| Title: | Relationship-Informed Pedigree and Variant Scoring |
| Version: | 0.1.2 |
| Maintainer: | Cameron M. Nugent <cam.nugent@sequencebio.com> |
| Description: | Comparative evaluation of families and candidate variants in rare-variant association studies. The package can be used for two methodologically overlapping but distinct purposes. First, the prior to any genetic or genomic evaluation, evaluation of relative detection power of pedigrees, can direct recruitment efforts by showing which individuals not yet sampled would be the most meaningful additions to a study. Second, after sequencing and analysis, variants based on association with disease status and familial relationships of individuals, aids in variant prioritization. Methodology is described in Nugent (2025) <doi:10.1101/2025.10.06.25337426>. |
| License: | MIT + file LICENSE |
| URL: | https://github.com/SequenceBio/KinformR |
| BugReports: | https://github.com/SequenceBio/KinformR/issues |
| Encoding: | UTF-8 |
| RoxygenNote: | 7.3.2 |
| VignetteBuilder: | knitr |
| Suggests: | devtools, testthat, knitr, rmarkdown |
| NeedsCompilation: | no |
| Packaged: | 2026-02-12 18:18:32 UTC; cam.nugent@sequencebio.com |
| Author: | Cameron M. Nugent |
| Repository: | CRAN |
| Date/Publication: | 2026-02-17 15:50:02 UTC |
Sum all the given scores and return a single vector with cumulative "score", "for" and "against" vals. For use in instances where one wishes to combine scores from multiple families.
Description
Sum all the given scores and return a single vector with cumulative "score", "for" and "against" vals. For use in instances where one wishes to combine scores from multiple families.
Usage
add.fam.scores(score.vec)
Arguments
score.vec |
A vector will all of the per family score outputs. |
Value
A vector with the summed scores of all inputs.
Examples
score.fam1 <- c("score" = 1.0, "score.for" = 2.0, "score.against" = 1.0)
score.fam2 <- c("score" = 1.0, "score.for" = 3.0, "score.against" = 2.0)
out <- add.fam.scores(c(score.fam1, score.fam2))

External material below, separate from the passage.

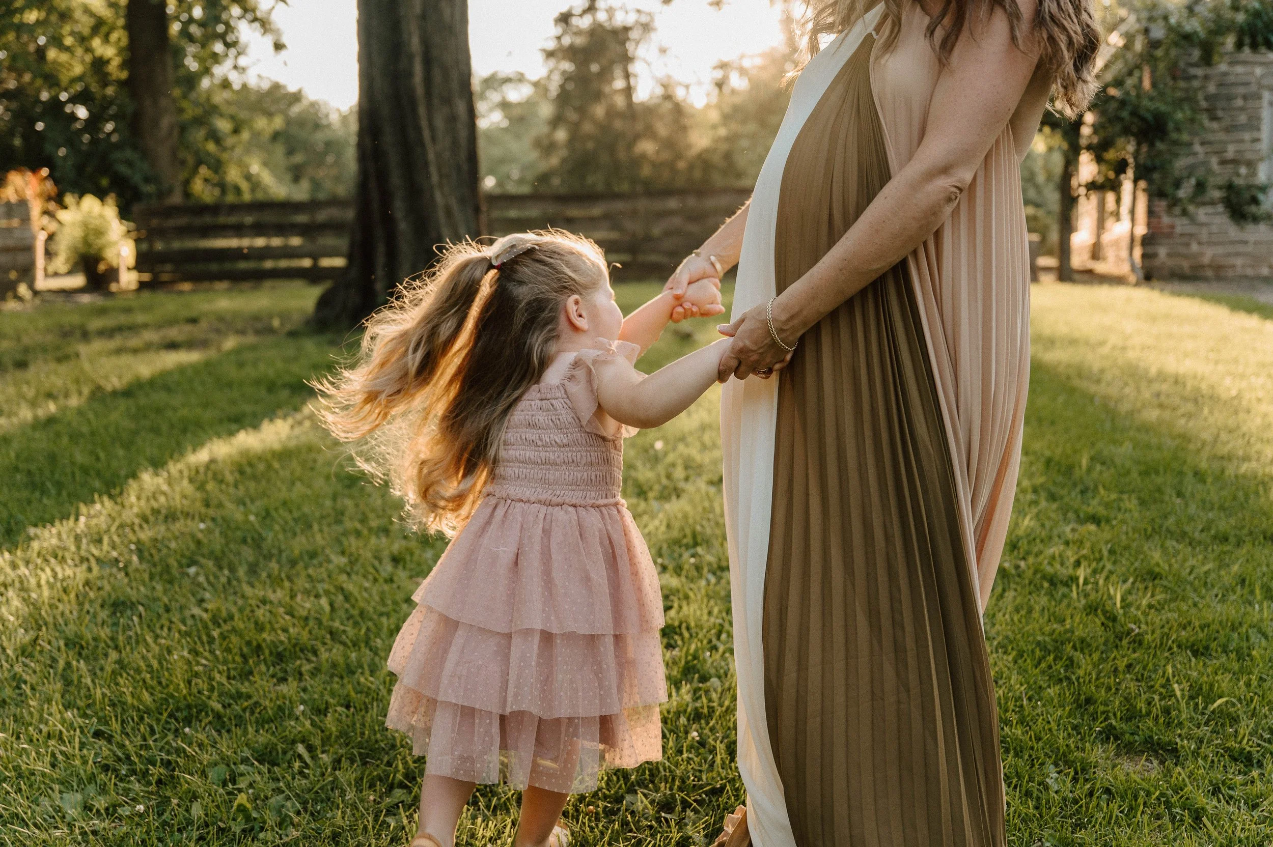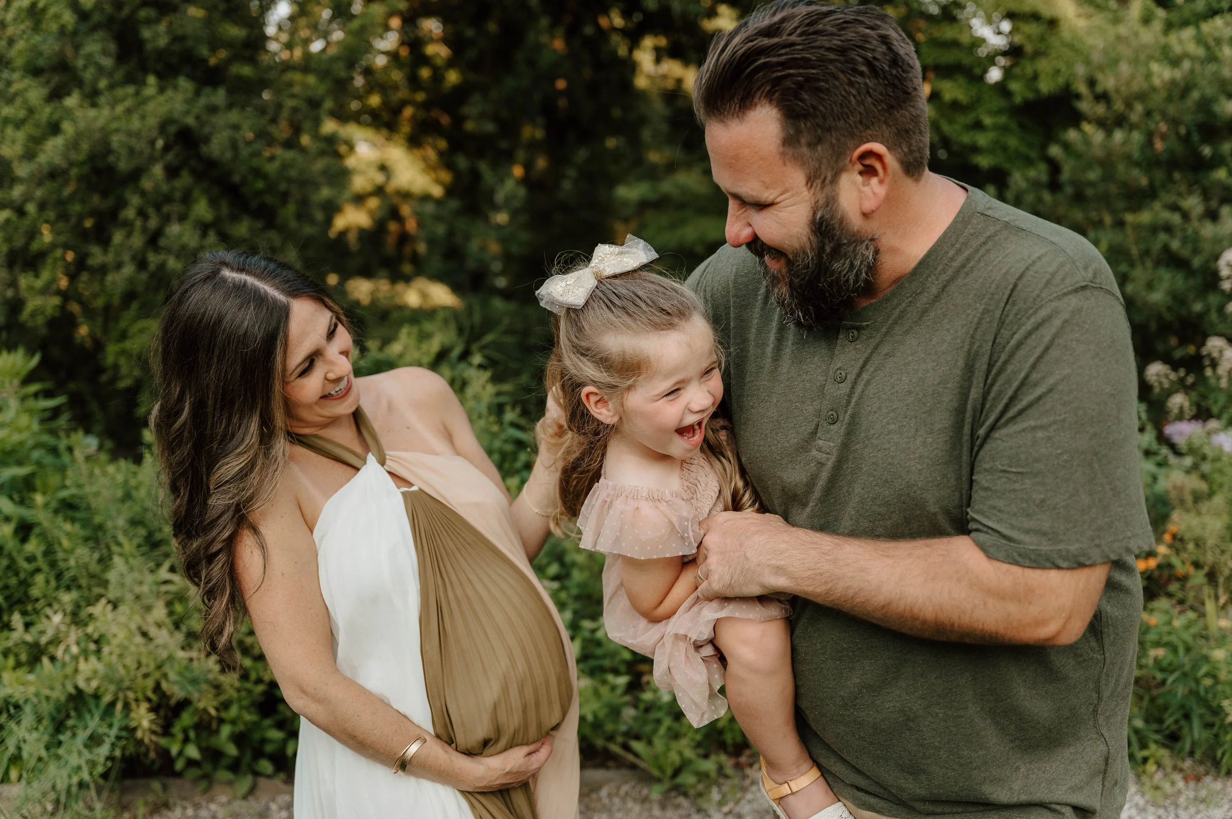 Mallory and Bradley met back in 2014 in Florida, and since then, they’ve built a life full of love, travel, and now— parenthood. Their daughter Piper, the sweetest and sassiest 3-year-old, stole the show during this maternity session. She twirled in her pink dress, laughed with her parents, and explored the beautiful grounds around the garden.

For affecteds: Take genetic variant and determine the category of the combo.
Description
For affecteds: Take genetic variant and determine the category of the combo.
Usage
assign.a(variant)
Arguments
variant |
Variant for individual. genotypes, phased genotypes, or binary encodings accepted. |
Take a disease status and a genetic variant and determine which category the combo falls in. A.c = Affected individual with ALT variant A.i = Affected individual without ALT variant U.c = Unaffected individual without ALT variant U.i = Unaffected individual with ALT variant If theoretical.max = TRUE the true variant statuses are ignored and all affected/unaffected are assigned A.c and U.c respectively. These encoding can then be used show what a family's max score would be.
Description
Take a disease status and a genetic variant and determine which category the combo falls in. A.c = Affected individual with ALT variant A.i = Affected individual without ALT variant U.c = Unaffected individual without ALT variant U.i = Unaffected individual with ALT variant If theoretical.max = TRUE the true variant statuses are ignored and all affected/unaffected are assigned A.c and U.c respectively. These encoding can then be used show what a family's max score would be.
Usage
assign.status(status, variant, theoretical.max = FALSE)
Arguments
status |
Disease status of an individual. A = affected, U = unaffected. |
variant |
Variant for individual. genotypes, phased genotypes, or binary encodings accepted. |
theoretical.max |
Should the theoretical maxima be returned instead of the observed values? When true, the scoring assumes correct variant-status pair for each individual. Default is FALSE. |
Value
a string
Examples
assign.status("A", "0/1") == "A.c"
assign.status("A", "0|0") == "A.i"
assign.status("U", 1) == "U.i"
assign.status("U", "0|0") == "U.c"
For unaffecteds: Take a genetic variant and determine the category of the combo.
Description
For unaffecteds: Take a genetic variant and determine the category of the combo.
Usage
assign.u(variant)
Arguments
variant |
Variant for individual. genotypes, phased genotypes, or binary encodings accepted. |
Build dictionary with the relationships falling in the different categories for the query row.
Description
Build dictionary with the relationships falling in the different categories for the query row.
Usage
build.relation.dict(mat.row, name.stat.dict, drop.unrelated = TRUE)
Arguments
mat.row |
A row from a relationship matrix |
name.stat.dict |
A list with the labelled status/variant combo for each individual. |
drop.unrelated |
Should unrelated (-1) relationships be dropped? Default = TRUE. |
Value
A list with the categorized relationship/variant information.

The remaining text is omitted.